What are Interest rate collars used for? The collar is Long cap + short floor. Meaning its a portfolio of libor calls and puts? Wouldn’t that cancel everything out and everything would equal 0?

No I guess are locked for the payment you received and payment you make. You have to pay the difference.

edit: i hope mwvt9 has no prob with me posting this… it was my question and he answered. Re: Short a Floating Rate Bond? Posted by: mwvt9 (IP Logged) [hide posts from this user] Date: May 27, 2008 08:56AM barthezz Wrote: ------------------------------------------------------- > assume i have issued floating and want to limit my > interest cost with an interest rate collar. > > i am short floating rate bond. If you are short the floating rate bond then you lose if rates go up becaues you are paying the coupon. > > interest rate collar consists of: > short floor and long cap. > > so if rate increase the cap provides a hedge… > sets a maximum. > > if rates decrease (CFA, book 6, page 309): the > sale of the floor sets a minimum. What? the floor > is in the money if the reference rate is below the > floor rate. if i’m short i have to pay the long > the difference. > > the problem is why not long floor and short floor? We aren’t talking about a collar here just a floor. The floor is valuable to the long when interest rates drop, but that wouldn’t hedge our short bond because when rates drop we win. If we are short the floor then we get a premium and if intrest rates rise we will pocket the premium but that is all.
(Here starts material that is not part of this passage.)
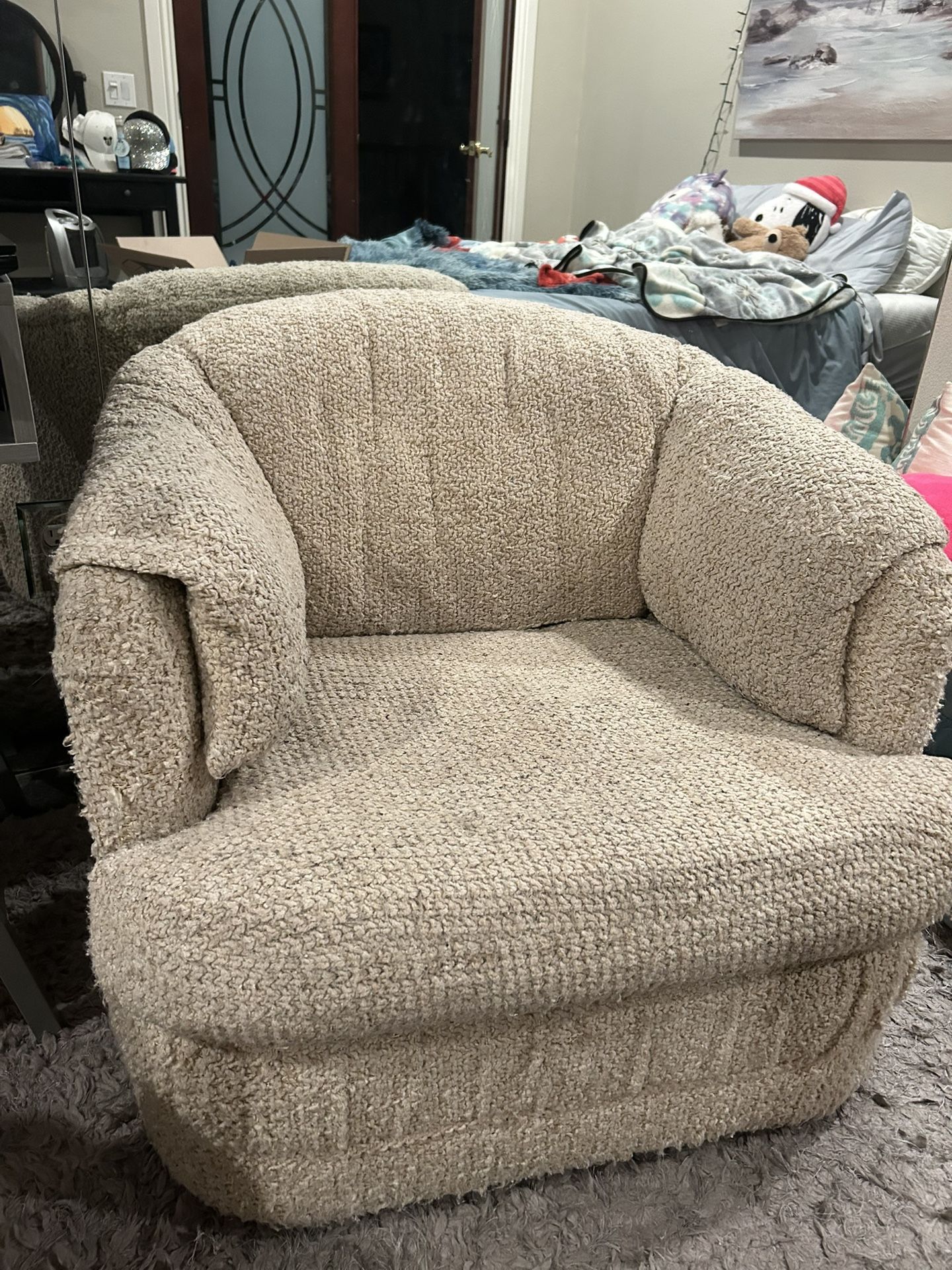 $35 OBO white beige comfy swivel chair barely used it was more of a decoration

So a collar is basically long interest rates. You would gain the price you received from selling the floor if you shorted the floor (sell a put) plus the long cap value.

Collar could be long a cap and short a floor… or short a cap and long a floor… it depends what your goal in hedging is… If you have a LIBOR based liability (meaning you owe a floating rate), you would purchase a cap and sell a floor to keep your borrowing costs within a range…borrowing rate stays within a “collar”… If you have a LIBOR based asset (recieve floating), you would sell and cap and purchase a floor to keep your reciepts within a range…returns stay within a “collar”

Another good way to think about is in of a collar using stock options. If you sell an out of the money call, and buy an out of the money put, you have created a collar. You take the proceeds from the shorting the call, and buy a put for downside protection. In a sense, you are selling away your upside, to buy protection on the downside.

I remember it depends on what kinds of collar you have. You can lock in a rate if you are bond holder. Ex, buy 6% floor and sell 12 % cap. You can lock in your rate within 6 and 12. If you sold bond, you do reverse. I like Chadtap’s explanation.